There are several ways a surgeon can do a proctectomy for rectal cancer. They vary based on where the tumor is and where the surgeon makes the incision.

  • Local transanal resection or transanal excision (also called TAE). For this type of surgery, your surgeon cuts through all the layers of your rectum and removes the tumor. The surgeon operates through the anus and removes the tumor and only part of the rectum wall. That leaves your lymph nodes behind. TAE is a sphincter-saving surgery, so it does not require a colostomy. However, if your lymph nodes contain microscopic cancer cells, they can be a source for recurrent cancer. For this reason, you are only a candidate for this surgery if your tumor is small and not very aggressive.

  • Anterior resection (also called AR). This surgery is used for tumors high up in the rectum. The surgeon removes the tumor through an incision in your lower abdomen. The surgeon also removes your upper rectum and lower part of the colon. Then he or she reconnects the ends of your colon.

  • Low anterior resection (also called LAR). This surgery is used for tumors in the mid and lower rectum. The surgeon reaches your bowel through an incision in your lower abdomen. The doctor takes out most of your rectum and the muscles around it, down to the muscles of your anal sphincter. Your surgeon then joins your colon to the lowest portion of the rectum. Because a permanent colostomy is not required, this operation is considered to be a sphincter-saving procedure. The anal sphincter is a circular muscle that allows you to hold stools inside until you are ready to have a bowel movement. Keeping it allows you to maintain normal bowel function after surgery. This is the typical surgery for low tumors. It has a low rate of tumor recurrence inside the pelvis.

  • Abdominoperineal resection (also called APR). APR used to be the standard surgery for tumors of the lower rectum. Now, it is usually limited to large tumors that lie very low down in the rectum and affect the muscles of the anal sphincter. It requires 2 incisions. The surgeon makes one through your abdomen. The second goes around your anus in the perineum. This is the area surrounding your anus and genitals. During an APR, the surgeon removes your anus, rectum, and the surrounding muscles of the anal canal. Because the muscles of your anal sphincter are removed, you do not regain normal bowel function. That means you will need a colostomy. This creates an opening on your abdomen where waste can leave your body and collect in a bag.

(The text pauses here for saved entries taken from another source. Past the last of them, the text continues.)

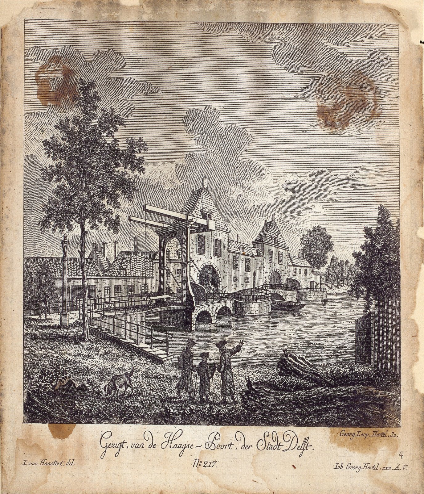 Gezigt, van de Haagse-Poort, der Stadt Delft
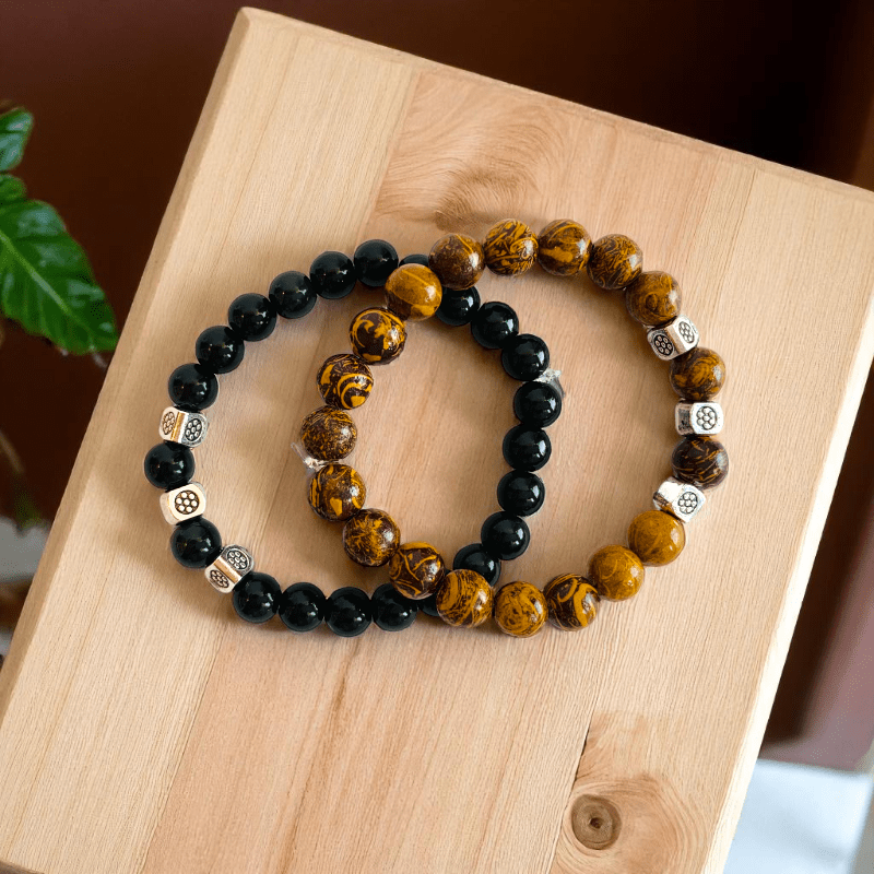 - Introduce a blend of strength, protection, and healing with this Set of Two Bracelets for boys and girls, featuring Black Obsidian and Mariam Jasper stones.
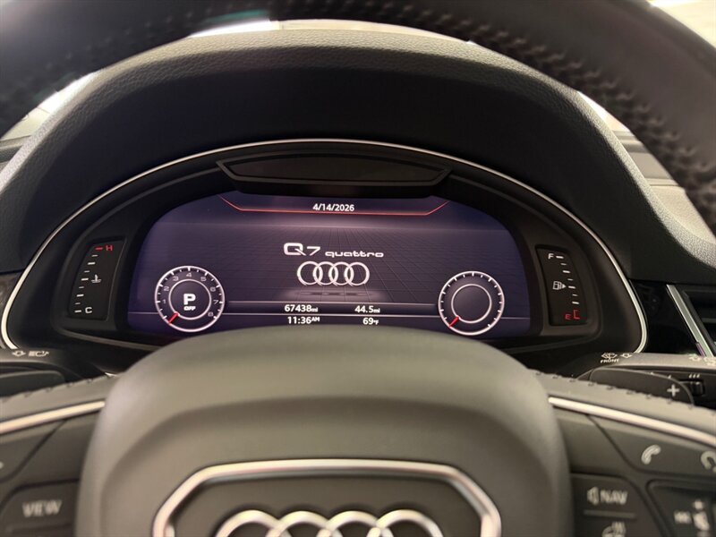 2019 Audi Q7 quattro Prestige 55 TFSI in Black with Black leather interior, powered by a 3.0L supercharged V6 (329 hp, 325 lb-ft). Prestige factory equipment includes quattro all-wheel drive, Audi Virtual Cockpit digital gauge cluster, MMI Navigation Plus with touch input, Bang & Olufsen premium sound, matrix-design LED headlights, panoramic sunroof, adaptive air suspension with drive select, power front seats with memory, heated and ventilated front seats, top-view camera and parking sensors, adaptive cruise and advanced driver-assistance systems, and a power liftgate. Cold Weather Package adds a heated steering wheel and heated rear seats. Clean CARFAX, one owner, excellent overall condition, under 68,000 miles (averaging less than 9,000 miles/year); EPA ratings 19 MPG city / 25 MPG highway.

  • Pelvic exenteration. This is a major surgery used for advanced cancer that has grown into nearby organs. The surgeon removes all of your rectum and other organs, such as your bladder, prostate, or uterus. After the surgery, you may need both a colostomy and a urostomy. A urostomy is an opening in your abdomen for your urine to pass through and collect in a bag. 

  • In cases where rectal cancer has spread but has only reached small parts of the liver or lungs, other operations may sometimes be done along with rectal surgery.  

  • Metastasectomy. If a limited amount of cancer has spread to other organs such as the liver or lungs, surgery to remove these tumors may help you live longer or even cure the cancer. This is only an option if the main rectal tumor can also be removed completely. 

  • Other ways to destroy metastases. In some cases, small amounts of cancer that has spread can be destroyed through nonsurgical techniques. For example, cryosurgery uses a thin metal probe to freeze--and destroy--tumor cells that have spread to your liver. Radiofrequency ablation (also called RFA) is a procedure that uses a long, thin metal probe to heat and kill tumors that have spread from the rectum to other organs, such as your liver. If you're not a good candidate for a liver resection, cryosurgery, or RFA, or other nonsurgical techniques may provide an alternative.